What’s not new? Cursing and demonization of the ‘other’
In both the U.S. and in Israel we are gearing up for elections in November. It is hard to fathom how the future leaders of our two countries can allow themselves to speak with such abominable rhetoric against their opponents. I don’t have to go very far with examples. Just open up the newspapers. There are reports about the “vitriol” and threats such as “we’re going to hang you” and “I hope somebody puts a bullet in your head.” The U.S. is experiencing abusive language not only on the fringe but also in the mainstream population. Where are the mothers of yesteryear who could tell these various candidates to “wash their mouths with soap”?

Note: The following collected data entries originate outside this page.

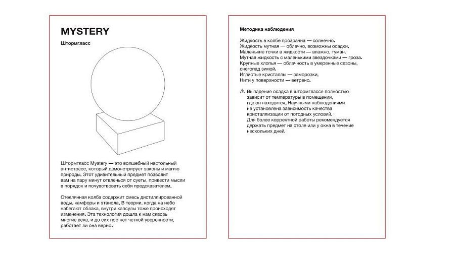 Штормгласс Mystery — волшебный настольный антистресс, который демонстрирует законы и магию природы. Этот удивительный предмет позволит на пару минут отвлечься от суеты, привести мысли в порядок и почувствовать себя предсказателем. Когда на небо набегают облака, внутри колбы со специальной жидкостью тоже происходят изменения.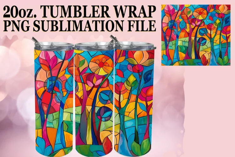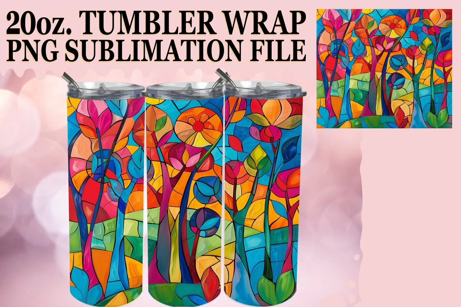 Colorful Stained Glass Tree Design 20oz Wrap example image 1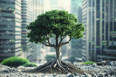A small tree with a large root system is growing in the middle of a city. The tree is surrounded by buildings and cars, but it stands out as a symbol of hope and growth in an urban environment
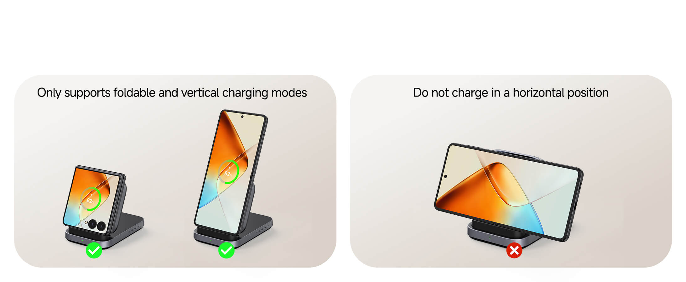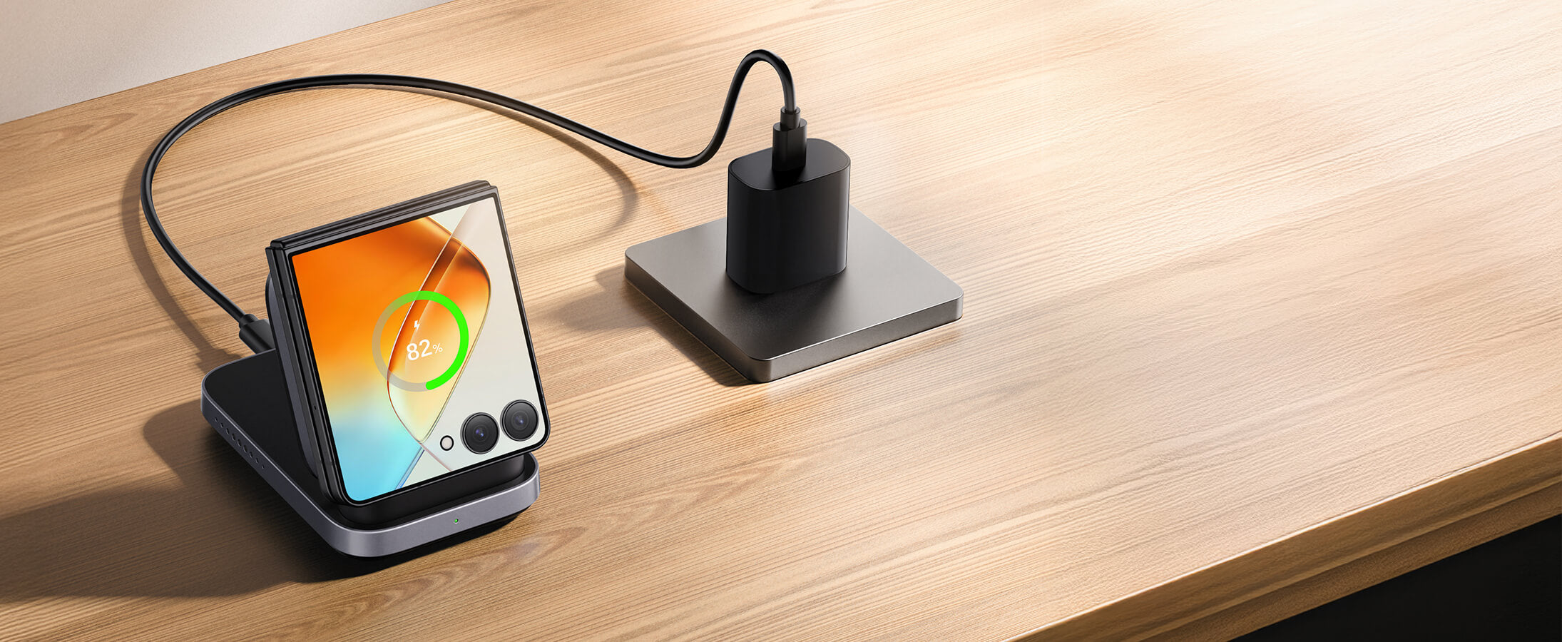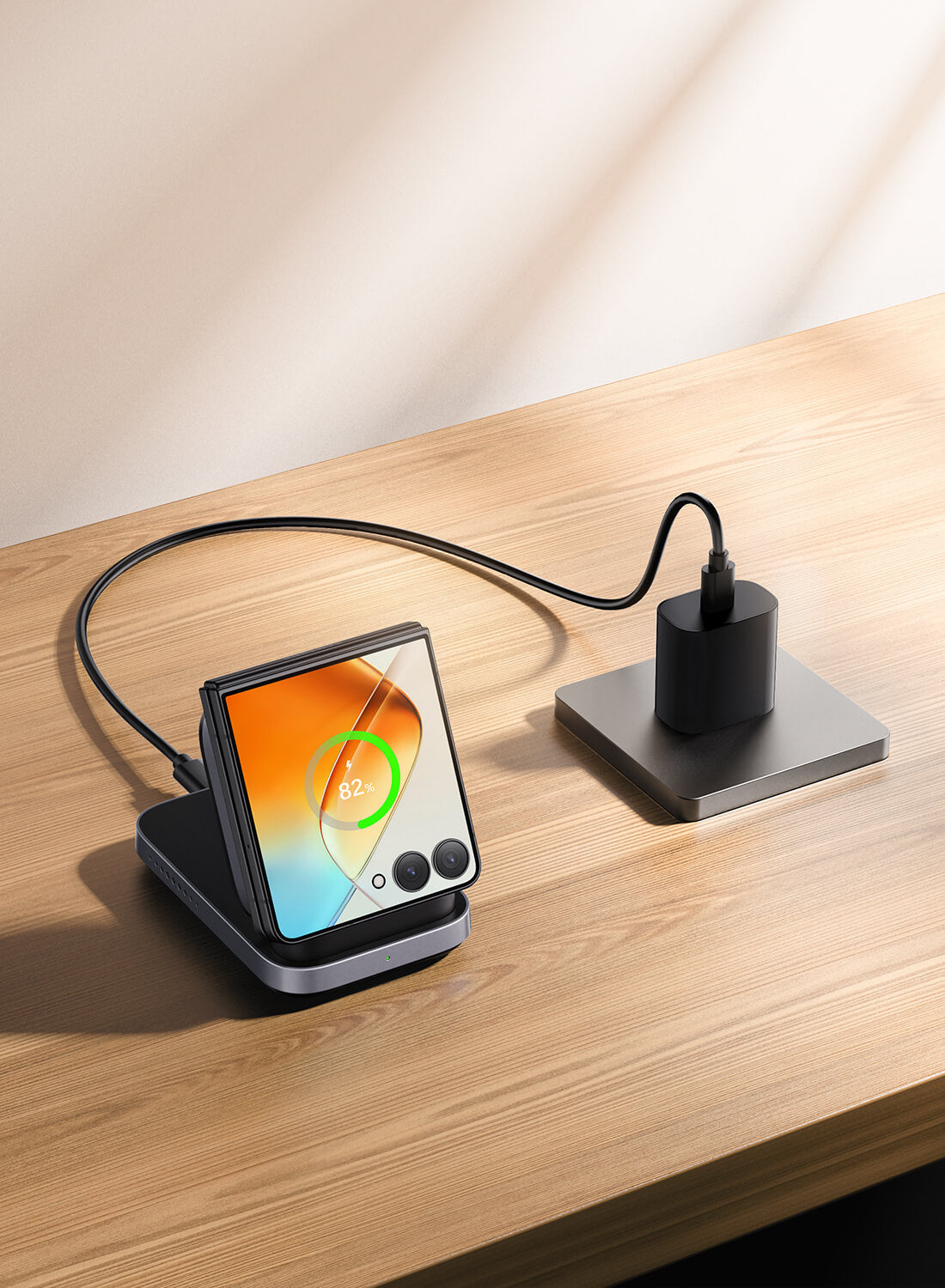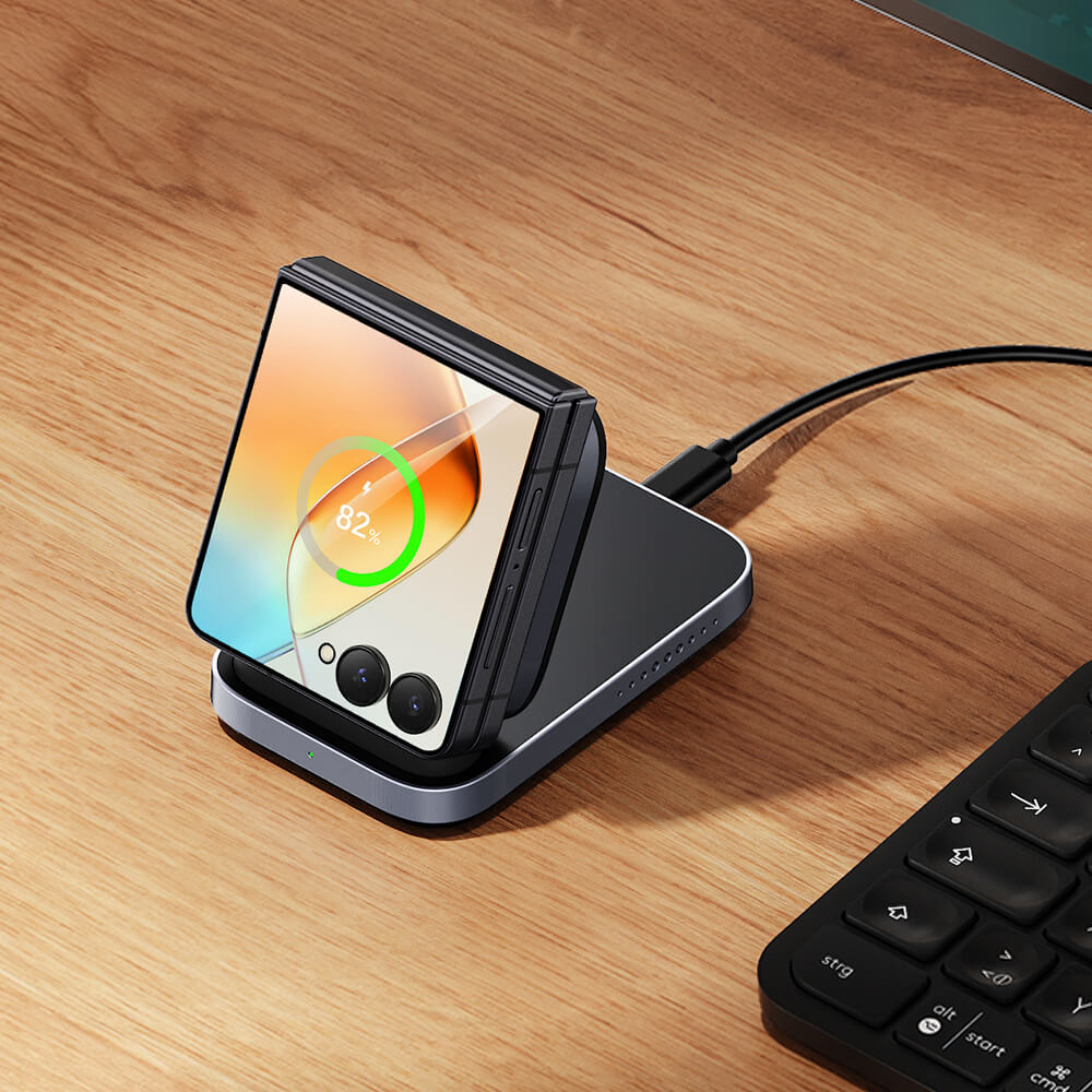 • Optimoitu Z Flip- ja Razr -laitteille: Yhteensopiva Samsung Z Flip- ja Motorola Razr -laitteiden kanssa vakaata nopeaa langatonta latausta varten.

Society is in the midst of demonization, or “othering”. In Israel, we are experiencing the same. I won’t dignify any of these candidates by repeating their words—we hear them daily. What they make clear is what they don’t stand for. Who cares if the most impoverished among Haredi Jewish children are denied their basic rights to read and learn mathematics. Let’s cast aside my principles (assuming I have some to begin with) just to make sure that they will vote for me. What these candidates represent is ephemeral. We do know whom they oppose. Bezalel Smotrich, the right-wing “lawmaker” calls the Arab political parties, “the most dangerous security threat” to Israel and wants to outlaw them. His identity consists of what he is not, and not of what he is. His self-definition is hatred and demonization of the other.
There is a burgeoning field of Hate Studies and an annual peer-reviewed journal, The Journal of Hate Studies, which is celebrating its twentieth anniversary this year. It studies what hate is, where it comes from, and how to combat it. It presents theory and research that deepens the understanding of the development and expression of hate. Our Torah portion of the week, the parasha Ki Tavo has two outstanding examples of texts which seem to promote hatred and demonization of the other.
I’ll start with the lengthy litany of curses with which God threatens His people if we/they don’t obey Him. Preceding these curses are blessings with which, if the people obey God, they will prosper. “The Lord will make you the head, not the tail; you will always be at the top and never at the bottom-if only you obey and faithfully observe the commandments of the Lord your God that I enjoin upon you this day, and do not deviate to the right or to the left from any of the commandments that I enjoin upon you this day and turn to the worship of other gods” (Deut 28: 13-14).
But if we do not obey God and faithfully observe all His commandments and laws we will be cursed. We will be like “others” to God and treated with vicious rhetoric and not mercy. The curses that follow are frightful, one worse than the other. They include: curses on all that is born to you (vs. 18); being utterly wiped out (vs. 20); pestilence (vs. 21); “consumption, fever, and inflammation, with scorching heat and drought, blight and mildew” (vs.22). “Your carcasses shall become food for all the birds of the sky and all the beasts of the earth, with none to frighten them off” (vs. 26). And to add insult to injury: “The LORD will strike you with the Egyptian inflammation, with hemorrhoids, boil-scars, and itch, from which you shall never recover” (vs. 27). And this continues for 40 more verses. Feel free to read them all of them and be horrified (Deut 28: 18-68). To me re-reading them is like re-living the holocaust.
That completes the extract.